From the first line to the last, restate the material word for word; pictures stay out.

Start of Input material

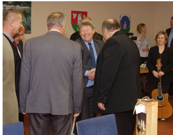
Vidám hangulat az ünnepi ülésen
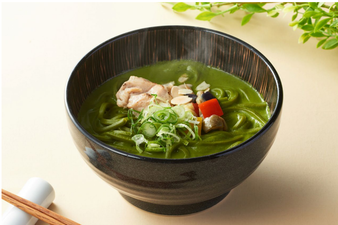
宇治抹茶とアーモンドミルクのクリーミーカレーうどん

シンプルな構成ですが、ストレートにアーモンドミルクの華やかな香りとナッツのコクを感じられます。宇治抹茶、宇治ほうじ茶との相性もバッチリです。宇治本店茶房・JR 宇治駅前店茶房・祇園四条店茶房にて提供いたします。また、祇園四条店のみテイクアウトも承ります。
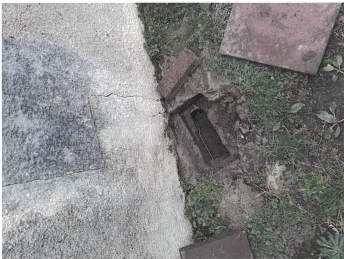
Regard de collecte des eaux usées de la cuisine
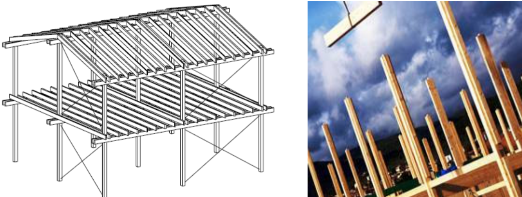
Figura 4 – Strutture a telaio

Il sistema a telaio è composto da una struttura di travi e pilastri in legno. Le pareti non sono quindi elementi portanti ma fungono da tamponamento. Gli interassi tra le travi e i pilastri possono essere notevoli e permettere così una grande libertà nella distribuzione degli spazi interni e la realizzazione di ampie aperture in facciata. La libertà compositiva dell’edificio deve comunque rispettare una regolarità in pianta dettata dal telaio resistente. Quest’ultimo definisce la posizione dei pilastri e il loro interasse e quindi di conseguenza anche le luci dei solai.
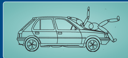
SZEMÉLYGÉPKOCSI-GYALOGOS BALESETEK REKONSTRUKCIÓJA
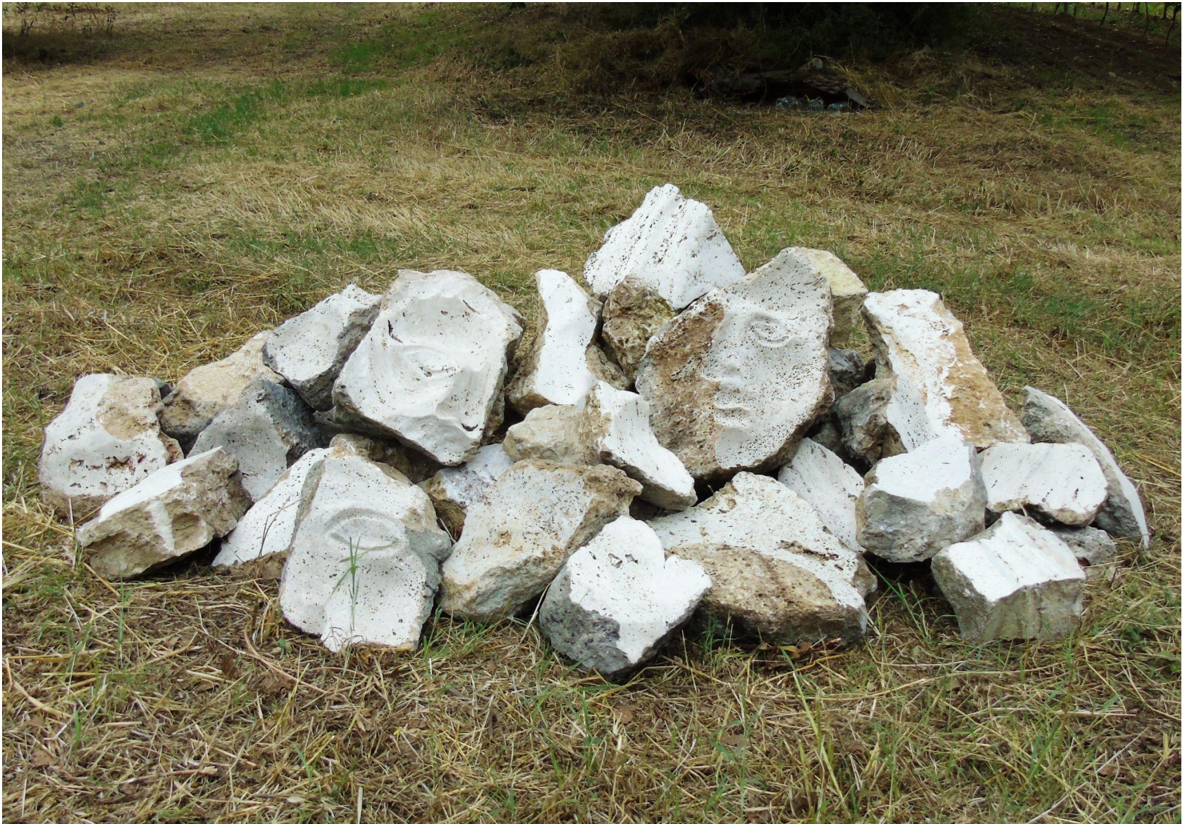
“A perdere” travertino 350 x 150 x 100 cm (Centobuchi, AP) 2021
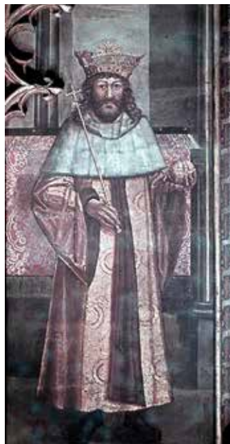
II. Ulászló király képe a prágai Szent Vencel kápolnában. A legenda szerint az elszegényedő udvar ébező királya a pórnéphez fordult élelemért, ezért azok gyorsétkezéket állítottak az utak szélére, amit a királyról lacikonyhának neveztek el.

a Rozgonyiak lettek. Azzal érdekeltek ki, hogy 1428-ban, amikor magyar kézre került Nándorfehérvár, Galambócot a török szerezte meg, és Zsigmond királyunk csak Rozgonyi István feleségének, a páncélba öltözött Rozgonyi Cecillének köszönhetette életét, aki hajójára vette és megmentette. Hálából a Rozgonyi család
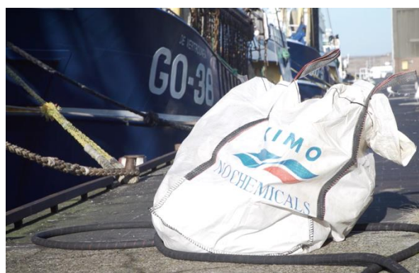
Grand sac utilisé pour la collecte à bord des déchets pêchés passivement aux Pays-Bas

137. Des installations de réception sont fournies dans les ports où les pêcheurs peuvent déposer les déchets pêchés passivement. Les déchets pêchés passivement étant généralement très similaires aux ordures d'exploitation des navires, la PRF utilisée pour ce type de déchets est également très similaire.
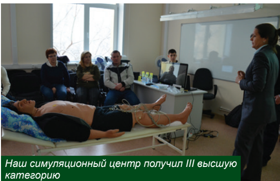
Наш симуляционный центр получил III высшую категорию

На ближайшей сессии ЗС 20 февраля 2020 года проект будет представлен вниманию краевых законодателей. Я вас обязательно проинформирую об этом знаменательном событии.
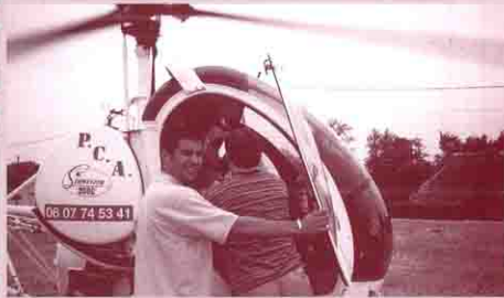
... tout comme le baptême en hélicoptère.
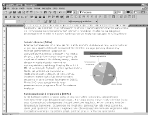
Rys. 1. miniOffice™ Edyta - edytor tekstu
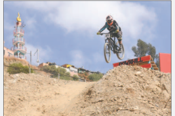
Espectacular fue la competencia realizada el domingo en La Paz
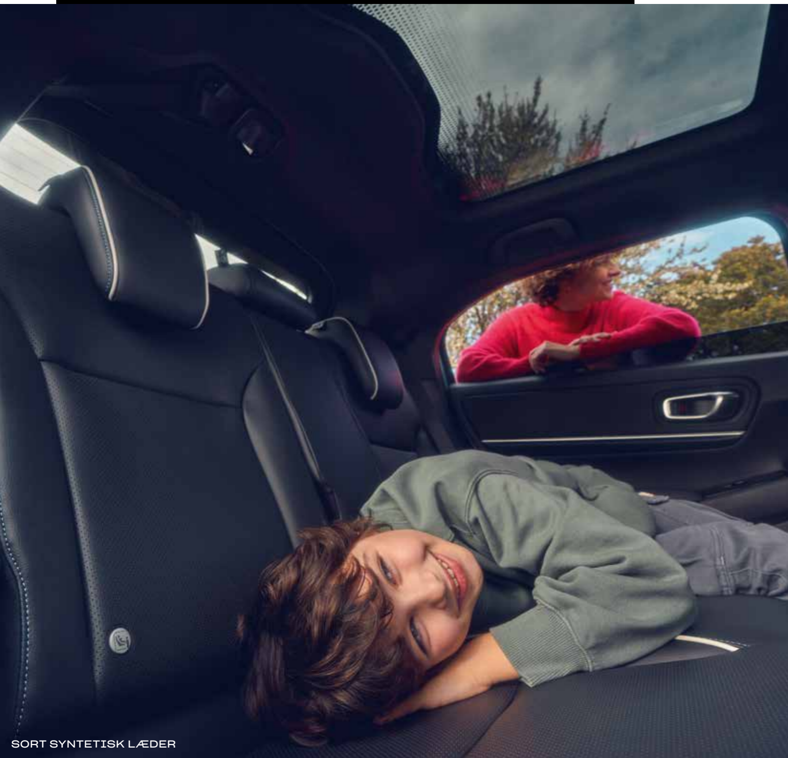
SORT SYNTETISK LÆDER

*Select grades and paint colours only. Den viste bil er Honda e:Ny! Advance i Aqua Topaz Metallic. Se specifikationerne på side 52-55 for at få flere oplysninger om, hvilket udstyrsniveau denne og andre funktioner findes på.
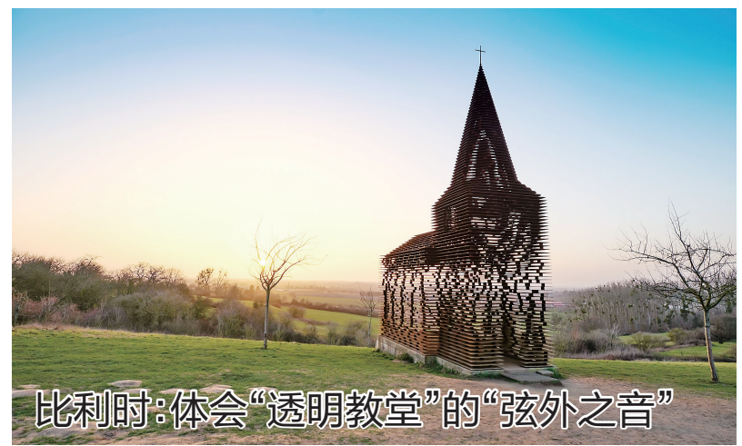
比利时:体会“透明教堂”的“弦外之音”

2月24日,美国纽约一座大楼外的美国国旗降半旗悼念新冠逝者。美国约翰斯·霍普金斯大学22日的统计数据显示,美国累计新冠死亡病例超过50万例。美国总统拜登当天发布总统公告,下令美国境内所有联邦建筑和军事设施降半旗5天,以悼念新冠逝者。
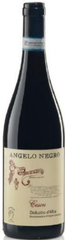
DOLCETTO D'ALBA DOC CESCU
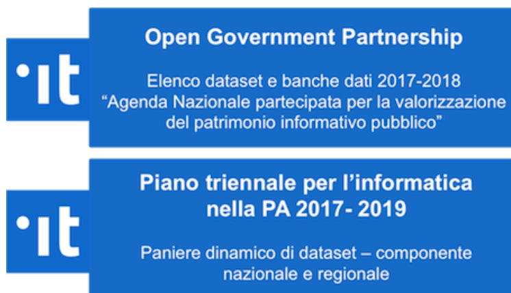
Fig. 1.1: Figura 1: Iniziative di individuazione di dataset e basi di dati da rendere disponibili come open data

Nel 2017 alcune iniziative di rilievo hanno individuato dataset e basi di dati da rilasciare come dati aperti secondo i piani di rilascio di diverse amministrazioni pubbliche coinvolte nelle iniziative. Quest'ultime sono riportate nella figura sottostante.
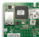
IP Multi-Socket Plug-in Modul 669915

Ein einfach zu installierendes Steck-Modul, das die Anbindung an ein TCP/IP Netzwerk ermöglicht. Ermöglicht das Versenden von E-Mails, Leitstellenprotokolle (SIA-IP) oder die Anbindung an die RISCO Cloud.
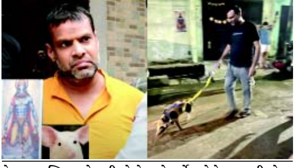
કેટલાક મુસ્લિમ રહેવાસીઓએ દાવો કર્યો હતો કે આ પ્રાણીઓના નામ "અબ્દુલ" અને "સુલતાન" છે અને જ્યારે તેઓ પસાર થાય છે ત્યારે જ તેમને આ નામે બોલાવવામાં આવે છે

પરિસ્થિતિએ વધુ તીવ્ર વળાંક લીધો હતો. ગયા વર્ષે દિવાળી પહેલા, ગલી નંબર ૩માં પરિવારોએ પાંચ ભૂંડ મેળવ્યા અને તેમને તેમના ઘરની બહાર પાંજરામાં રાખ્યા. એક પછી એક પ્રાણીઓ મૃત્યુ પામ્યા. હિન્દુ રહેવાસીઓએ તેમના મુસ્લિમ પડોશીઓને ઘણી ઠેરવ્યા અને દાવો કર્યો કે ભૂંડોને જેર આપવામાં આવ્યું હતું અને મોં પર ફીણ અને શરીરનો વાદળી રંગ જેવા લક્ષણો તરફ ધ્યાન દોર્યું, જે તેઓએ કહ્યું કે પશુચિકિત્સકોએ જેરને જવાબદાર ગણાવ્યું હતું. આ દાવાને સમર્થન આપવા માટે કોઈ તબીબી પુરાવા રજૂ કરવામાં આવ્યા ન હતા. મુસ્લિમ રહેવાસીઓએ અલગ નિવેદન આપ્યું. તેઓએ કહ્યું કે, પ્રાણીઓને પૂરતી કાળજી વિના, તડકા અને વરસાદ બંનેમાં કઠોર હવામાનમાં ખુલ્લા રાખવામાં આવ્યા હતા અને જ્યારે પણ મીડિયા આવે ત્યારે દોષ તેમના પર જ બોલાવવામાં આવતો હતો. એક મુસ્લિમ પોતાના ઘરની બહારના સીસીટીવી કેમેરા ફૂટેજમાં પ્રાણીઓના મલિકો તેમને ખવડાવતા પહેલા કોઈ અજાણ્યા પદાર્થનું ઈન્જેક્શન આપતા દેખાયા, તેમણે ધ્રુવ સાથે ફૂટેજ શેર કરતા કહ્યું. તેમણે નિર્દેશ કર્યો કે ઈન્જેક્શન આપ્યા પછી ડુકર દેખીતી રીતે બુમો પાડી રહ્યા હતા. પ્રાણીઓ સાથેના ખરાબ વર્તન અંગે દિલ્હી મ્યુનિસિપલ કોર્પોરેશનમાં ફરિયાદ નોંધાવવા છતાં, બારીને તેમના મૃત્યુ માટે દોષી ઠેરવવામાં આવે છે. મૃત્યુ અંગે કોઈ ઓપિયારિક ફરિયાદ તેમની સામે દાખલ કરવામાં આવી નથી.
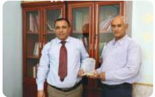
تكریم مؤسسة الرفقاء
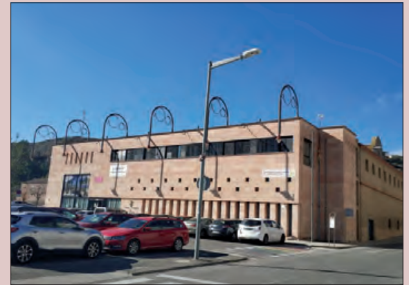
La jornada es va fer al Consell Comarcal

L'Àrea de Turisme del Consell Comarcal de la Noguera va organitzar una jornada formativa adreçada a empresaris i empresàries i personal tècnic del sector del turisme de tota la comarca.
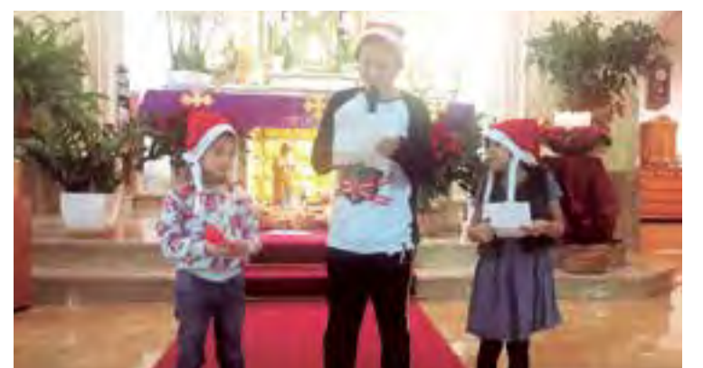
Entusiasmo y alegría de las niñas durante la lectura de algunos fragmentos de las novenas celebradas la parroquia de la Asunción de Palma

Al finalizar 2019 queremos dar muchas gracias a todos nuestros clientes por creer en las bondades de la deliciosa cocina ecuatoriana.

End of Input material

# Answer space
Vidám hangulat az ünnepi ülésen
宇治抹茶とアーモンドミルクのクリーミーカレーうどん

シンプルな構成ですが、ストレートにアーモンドミルクの華やかな香りとナッツのコクを感じられます。宇治抹茶、宇治ほうじ茶との相性もバッチリです。宇治本店茶房・JR 宇治駅前店茶房・祇園四条店茶房にて提供いたします。また、祇園四条店のみテイクアウトも承ります。
Regard de collecte des eaux usées de la cuisine
Figura 4 – Strutture a telaio

Il sistema a telaio è composto da una struttura di travi e pilastri in legno. Le pareti non sono quindi elementi portanti ma fungono da tamponamento. Gli interassi tra le travi e i pilastri possono essere notevoli e permettere così una grande libertà nella distribuzione degli spazi interni e la realizzazione di ampie aperture in facciata. La libertà compositiva dell’edificio deve comunque rispettare una regolarità in pianta dettata dal telaio resistente. Quest’ultimo definisce la posizione dei pilastri e il loro interasse e quindi di conseguenza anche le luci dei solai.
SZEMÉLYGÉPKOCSI-GYALOGOS BALESETEK REKONSTRUKCIÓJA
“A perdere” travertino 350 x 150 x 100 cm (Centobuchi, AP) 2021
II. Ulászló király képe a prágai Szent Vencel kápolnában. A legenda szerint az elszegényedő udvar ébező királya a pórnéphez fordult élelemért, ezért azok gyorsétkezéket állítottak az utak szélére, amit a királyról lacikonyhának neveztek el.

a Rozgonyiak lettek. Azzal érdekeltek ki, hogy 1428-ban, amikor magyar kézre került Nándorfehérvár, Galambócot a török szerezte meg, és Zsigmond királyunk csak Rozgonyi István feleségének, a páncélba öltözött Rozgonyi Cecillének köszönhetette életét, aki hajójára vette és megmentette. Hálából a Rozgonyi család
Grand sac utilisé pour la collecte à bord des déchets pêchés passivement aux Pays-Bas

137. Des installations de réception sont fournies dans les ports où les pêcheurs peuvent déposer les déchets pêchés passivement. Les déchets pêchés passivement étant généralement très similaires aux ordures d'exploitation des navires, la PRF utilisée pour ce type de déchets est également très similaire.
Наш симуляционный центр получил III высшую категорию

На ближайшей сессии ЗС 20 февраля 2020 года проект будет представлен вниманию краевых законодателей. Я вас обязательно проинформирую об этом знаменательном событии.
... tout comme le baptême en hélicoptère.
Rys. 1. miniOffice™ Edyta - edytor tekstu
Espectacular fue la competencia realizada el domingo en La Paz
SORT SYNTETISK LÆDER

*Select grades and paint colours only. Den viste bil er Honda e:Ny! Advance i Aqua Topaz Metallic. Se specifikationerne på side 52-55 for at få flere oplysninger om, hvilket udstyrsniveau denne og andre funktioner findes på.
比利时:体会“透明教堂”的“弦外之音”

2月24日,美国纽约一座大楼外的美国国旗降半旗悼念新冠逝者。美国约翰斯·霍普金斯大学22日的统计数据显示,美国累计新冠死亡病例超过50万例。美国总统拜登当天发布总统公告,下令美国境内所有联邦建筑和军事设施降半旗5天,以悼念新冠逝者。
DOLCETTO D'ALBA DOC CESCU
Fig. 1.1: Figura 1: Iniziative di individuazione di dataset e basi di dati da rendere disponibili come open data

Nel 2017 alcune iniziative di rilievo hanno individuato dataset e basi di dati da rilasciare come dati aperti secondo i piani di rilascio di diverse amministrazioni pubbliche coinvolte nelle iniziative. Quest'ultime sono riportate nella figura sottostante.
IP Multi-Socket Plug-in Modul 669915

Ein einfach zu installierendes Steck-Modul, das die Anbindung an ein TCP/IP Netzwerk ermöglicht. Ermöglicht das Versenden von E-Mails, Leitstellenprotokolle (SIA-IP) oder die Anbindung an die RISCO Cloud.
કેટલાક મુસ્લિમ રહેવાસીઓએ દાવો કર્યો હતો કે આ પ્રાણીઓના નામ "અબ્દુલ" અને "સુલતાન" છે અને જ્યારે તેઓ પસાર થાય છે ત્યારે જ તેમને આ નામે બોલાવવામાં આવે છે

પરિસ્થિતિએ વધુ તીવ્ર વળાંક લીધો હતો. ગયા વર્ષે દિવાળી પહેલા, ગલી નંબર ૩માં પરિવારોએ પાંચ ભૂંડ મેળવ્યા અને તેમને તેમના ઘરની બહાર પાંજરામાં રાખ્યા. એક પછી એક પ્રાણીઓ મૃત્યુ પામ્યા. હિન્દુ રહેવાસીઓએ તેમના મુસ્લિમ પડોશીઓને ઘણી ઠેરવ્યા અને દાવો કર્યો કે ભૂંડોને જેર આપવામાં આવ્યું હતું અને મોં પર ફીણ અને શરીરનો વાદળી રંગ જેવા લક્ષણો તરફ ધ્યાન દોર્યું, જે તેઓએ કહ્યું કે પશુચિકિત્સકોએ જેરને જવાબદાર ગણાવ્યું હતું. આ દાવાને સમર્થન આપવા માટે કોઈ તબીબી પુરાવા રજૂ કરવામાં આવ્યા ન હતા. મુસ્લિમ રહેવાસીઓએ અલગ નિવેદન આપ્યું. તેઓએ કહ્યું કે, પ્રાણીઓને પૂરતી કાળજી વિના, તડકા અને વરસાદ બંનેમાં કઠોર હવામાનમાં ખુલ્લા રાખવામાં આવ્યા હતા અને જ્યારે પણ મીડિયા આવે ત્યારે દોષ તેમના પર જ બોલાવવામાં આવતો હતો. એક મુસ્લિમ પોતાના ઘરની બહારના સીસીટીવી કેમેરા ફૂટેજમાં પ્રાણીઓના મલિકો તેમને ખવડાવતા પહેલા કોઈ અજાણ્યા પદાર્થનું ઈન્જેક્શન આપતા દેખાયા, તેમણે ધ્રુવ સાથે ફૂટેજ શેર કરતા કહ્યું. તેમણે નિર્દેશ કર્યો કે ઈન્જેક્શન આપ્યા પછી ડુકર દેખીતી રીતે બુમો પાડી રહ્યા હતા. પ્રાણીઓ સાથેના ખરાબ વર્તન અંગે દિલ્હી મ્યુનિસિપલ કોર્પોરેશનમાં ફરિયાદ નોંધાવવા છતાં, બારીને તેમના મૃત્યુ માટે દોષી ઠેરવવામાં આવે છે. મૃત્યુ અંગે કોઈ ઓપિયારિક ફરિયાદ તેમની સામે દાખલ કરવામાં આવી નથી.
تكریم مؤسسة الرفقاء
La jornada es va fer al Consell Comarcal

L'Àrea de Turisme del Consell Comarcal de la Noguera va organitzar una jornada formativa adreçada a empresaris i empresàries i personal tècnic del sector del turisme de tota la comarca.
Entusiasmo y alegría de las niñas durante la lectura de algunos fragmentos de las novenas celebradas la parroquia de la Asunción de Palma

Al finalizar 2019 queremos dar muchas gracias a todos nuestros clientes por creer en las bondades de la deliciosa cocina ecuatoriana.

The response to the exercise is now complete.